### WHAT YOU SHOULD DO
The whole listing below is to be copied exactly, with every picture left out.

*** EXERCISE DATA ***

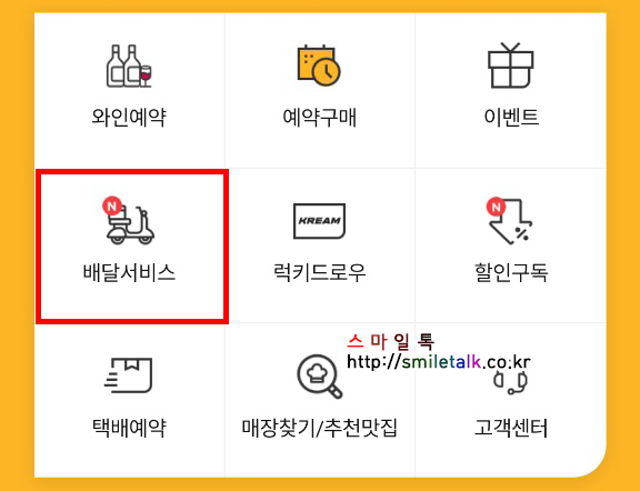 메인 페이지에 '배달서비스'라고 찾기 쉽게 있어서,
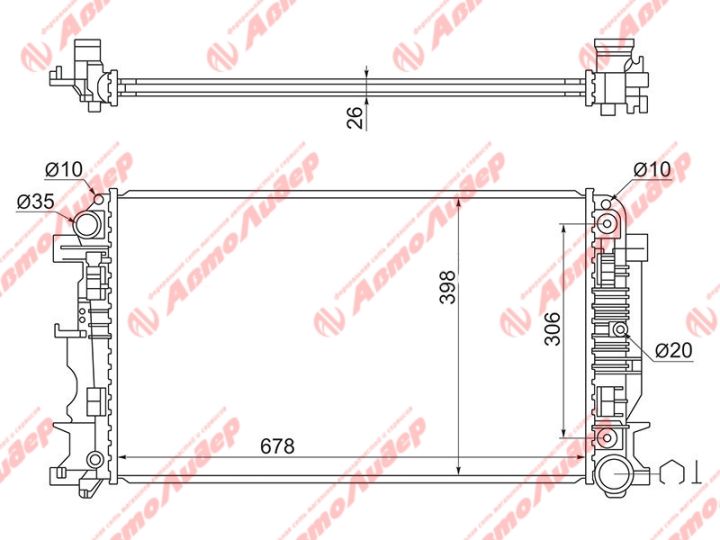 Радиатор охлаждения /AUTOLEADER для Mercedes Sprinter VW Crafter 2006- 2.2 /без крышки; MB-001-1216; MB0011216 9065000402
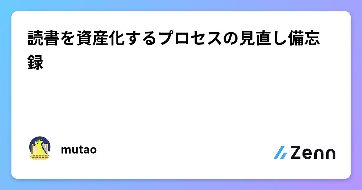 「読んだ内容が散逸しがちなので、 Zettelkasten をヒントにしつつ、自分なりの資産化プロセス…

*** End of EXERCISE DATA ***

### RESULT FOR THIS TASK
 메인 페이지에 '배달서비스'라고 찾기 쉽게 있어서,
 Радиатор охлаждения /AUTOLEADER для Mercedes Sprinter VW Crafter 2006- 2.2 /без крышки; MB-001-1216; MB0011216 9065000402
 「読んだ内容が散逸しがちなので、 Zettelkasten をヒントにしつつ、自分なりの資産化プロセス…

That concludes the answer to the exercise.